Pierre: We had to get good trainers. I remember the first time placing an ad and getting people in and sitting down in a coffee shop in a cafe near Jermyn Street and interviewing these people who wanted to come and work for us. And we were like: you got to realize, we don't even know what we're doing here. We have no clue! Are you sure? It was astounding that people actually wanted to come and work for us!
Pierre: There were six paying members of the gym at the time, on St. James's Square. You look at it and you're like, wow, that's pretty bad. Because it was pretty bad. But we always had a sense of wanting to improve it. We then took quite a slow route to get to that place. I was listening to something previously, this guy had worked in the same place for 18 years. Then he went off and started another business, which became a runaway success. He said, I had an 18-year MBA. it was just a learning process for him. And that's what we did.
Basing big bold and risky decisions on values and gut feel
Pierre: I remember landing in February. February in Cape town is a fairly amazing time of the year. I'd been on the beach in the morning. I got on the plane. I still got off the plane in Heathrow wearing shorts, flip flops, a t-shirt and a little jumper, sand on my feet. And obviously you've got met with London in February. People don't write a lot of poems about London in February. It's a fairly dark time. So that was a bit of a rude awakening I think is probably the best way to put it.
Pierre: I was working as a consultant at the time. And Jo was just about to go on maternity leave, when working self-employed! There was no safety net. It was basically just the two of us. And then I quit my job and said let's do this thing.
Joana: It was all very much unstable at that stage. We both felt that there was something more there to be had. And so we keep going. I think it was not even something we'd discussed: should we do this? Is this right? Is this gonna work? We were maybe a little bit more naive.
Joana: We'd never even discussed plan B. Pierre: To bear in mind, this is 2008, 20th of December. So the world had basically fallen on everyone's heads. If you think about it, it's not maybe the smartest play. Joana: still we didn't question it. Thinking about it now, not questioning, it was really crazy.

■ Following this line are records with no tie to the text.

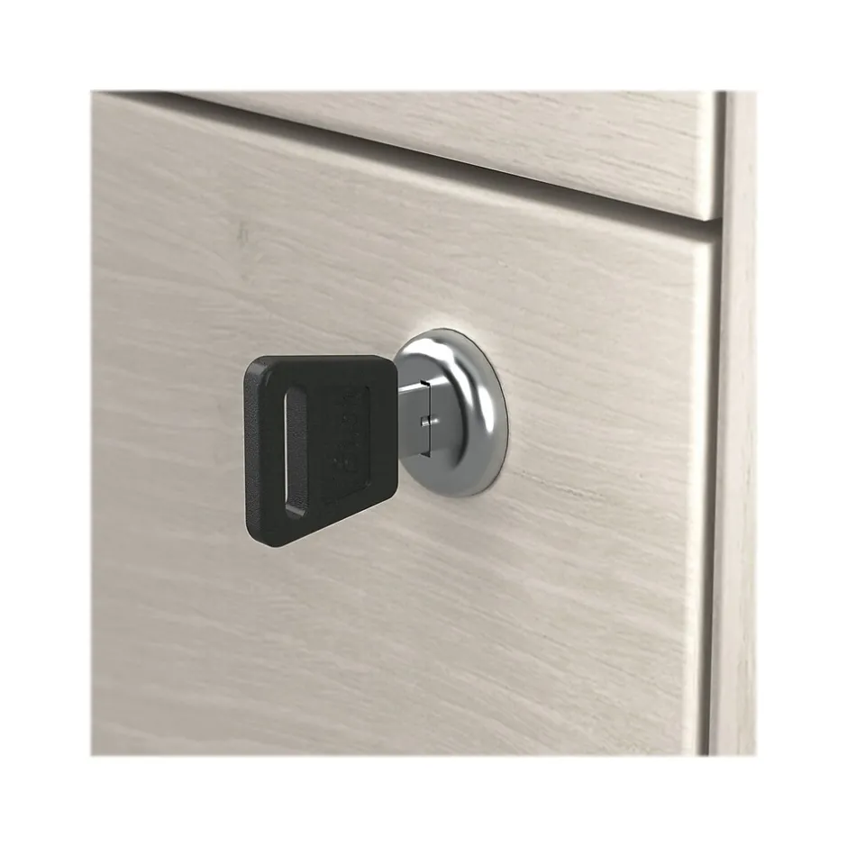 The Bush Furniture Homestead farmhouse-style lateral file cabinet offers a practical storage solution with an appealing modern farmhouse style. This filing cabinet utilizes Tip Guard safety features that include a stable design, a counterweighted back panel, wall attachment hardware, and safe-open drawers. Locking file cabinet’s drawers pull out one at a time for safe use and each support up to 50 lbs. Full-extension ball bearing slides provide easy-reach access to the letter-, legal-, and A4-size paperwork. A single lock secures both drawers for your privacy. Decorative trestle patterns, chamfered profile edges, and antique silver hardware give this cabinet a casual farmhouse style. This file cabinet has been tested to meet the ANSI/SOHO quality standards for safety and performance and is backed by a 1-year limited warranty. See the complete Homestead collection for more items.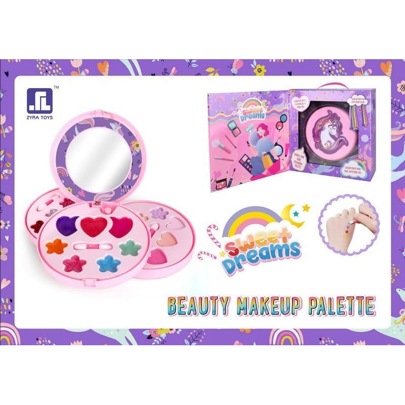 Косметика абсолютно безпечна для дитячої шкіри і легко змивається , що забезпечує комфорт і безпеку під час гри. Барвиста коробка-єдиноріг , що розгортається, відкриває багатий набір косметики, надихає на творчі експерименти з макіяжем і розвиває почуття естетики.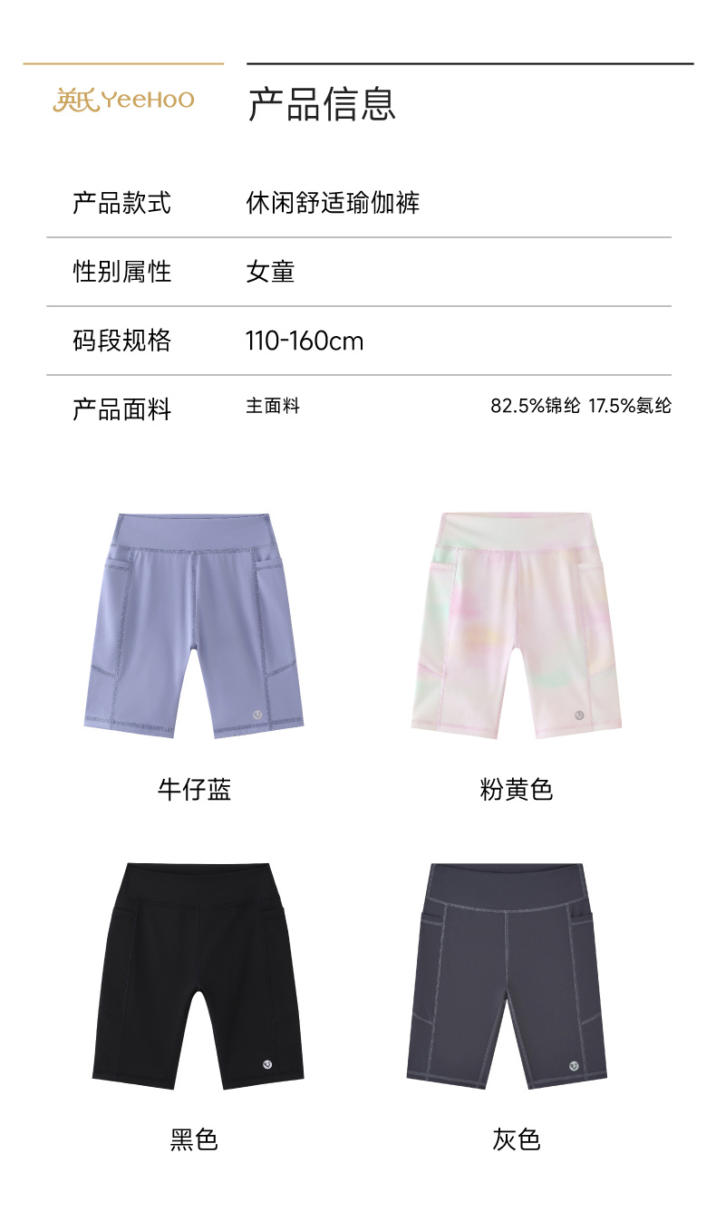【耐磨抗造】英氏儿童裤子春夏款女童中裤2026新款瑜伽紧身裤夏季百搭舒适中裤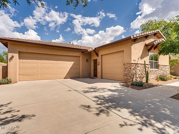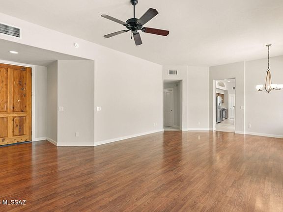 Nestled in the highly desirable Bluffs at Dove Mountain, this 2,301 sq.ft. home stands out as one of the few in the neighborhood crafted with block construction. Designed with a split-bedroom, open-concept floor plan, it offers the perfect balance of privacy and togetherness, all set on a .43-acre private lot embraced by natural desert beauty and mountain views.Inside, a spacious living room welcomes you with warm wood-look laminate flooring and window walls that flood the space with natural light. A glass slider opens to the rear patio, creating a seamless connection to the outdoors. Alongside, the formal dining area features a bay window that frames the picturesque desert views, providing a beautiful backdrop for memorable gatherings. Throughout the home, fresh paint in a soft, neutral palette, oversized windows, and solar tubes keep the space bright, airy, and inviting.

Pierre: We both believed that if it didn't work, we could probably end up getting a job, doing what we were previously doing. We had good enough contacts that probably if push came to shove, we could have gone back into it. It felt like we had a bit of a safety net.
Joana: Gut feeling: You can feel it’s right, or it can feel it's wrong. Often we overthink things, we over discuss things and then we just go. But if it feels right now, then I act on it right now. it's what's led us quite a lot.